According to a new study [PDF] by Alison Wood Brooks and Francesca Gino of Harvard, and Maurice Schweitzer of Wharton, you would do well to listen to that advice. (Yay, I don't have to warn you about some $30 paywall for once!) You are, according to the study, perceived as looking smarter, not dumber. This is something that the researchers noticed had not been covered very much: not the advice given but the act of asking itself.
The study was actually a set of five studies. The first was to prove the hypothesis in the first place, that people are actually afraid of looking dumb. People were asked to imagine a situation at work where they needed to ask help from a coworker, and asked to predict how they'd be looked at by doing so. Proving the hypothesis, respondents thought they'd look dumber.
The second study went about testing that, and there are a couple repetitions here in various permutations, but they all involve the basic setup of people being asked to 'partner' with what they thought was another subject but in fact was a computer controlled by the researchers. They would do brain teasers of various types depending on the specific test, and then their 'partner' would go, but before they did, the subject would either be asked, or not asked, for advice. Then, after the computer, well, gave the performance it was predetermined it would give, the subject would be asked to rate how intelligent they thought their 'partner' was.
The third study measured the difficulty of the task. It worked like Study 2, but in one permutation, subjects were asked to do simple match problems, like adding together 4-digit numbers. In another, they were given a harder task in which they were given a 3x3 grid of decimal numbers and asked to pick out which two of those nine numbers added up to 10. The fourth study was the same thing- using just the add-up-to-10 grid- but the 'partner' was allowed to ask either the subject or 'another participant in the lab'.

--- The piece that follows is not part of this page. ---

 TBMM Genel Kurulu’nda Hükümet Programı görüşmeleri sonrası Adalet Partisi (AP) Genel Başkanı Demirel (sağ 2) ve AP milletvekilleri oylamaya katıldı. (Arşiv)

The fifth study was done online. After passing some reading and comprehension checks, subjects were asked some biographical information about themselves- where they lived and their competence level on a set of subjects. Then they were told someone else in an imaginary four-person group was asked to do a brain teaser that did not in fact exist. They were either told whether or not the 'partner' had asked them for advice or not- leaving ambiguous whether they'd asked someone else- and if they had, they were either asked about their best subject or their worst.
There are three basic things to note here:
1) People who ask about something difficult are seen as smarter than those who ask about something easy. Or rather, asking about something easy doesn't make you look dumber- you stay about neutral- but you look smarter when asking about something hard.

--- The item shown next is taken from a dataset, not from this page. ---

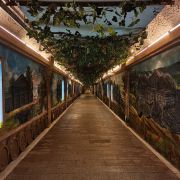 2、第一区域是“天然葡萄园”,里面是葡萄园的塑料模型,尽头是农场工人种植葡萄的塑像以及葡萄标本。主通道两侧墙上贴满葡萄酒的产地和著名酒庄等宏观性基础知识。

2) You look smarter to someone when you ask them personally for advice, though asking someone else doesn't actively hurt you. What's happening here is a variation on the concept- and this has been studied as well- that whatever you say about other people. that's how other people look at you. So when you ask someone for advice, what you're effectively saying is that you think they're smart enough to be able to supply that advice, and in return, you get thought of as smart enough to know to come to little old them.
3) You look smarter when you ask an expert than when you ask a non-expert. That's only natural; if you're going to get advice, ask someone who knows what they're doing. You are in fact looked at as dumber if you ask a non-expert, the only part of the study where this is the case, even by the person you're asking ('why would they ask me, I'm clueless'). So if you're going to ask someone, ask someone who knows what they're talking about.
Asking repeatedly was not tested for, so the annoyance factor is left on the table. But go ahead and ask if you don't know something. Just make sure you ask someone who might actually know the answer.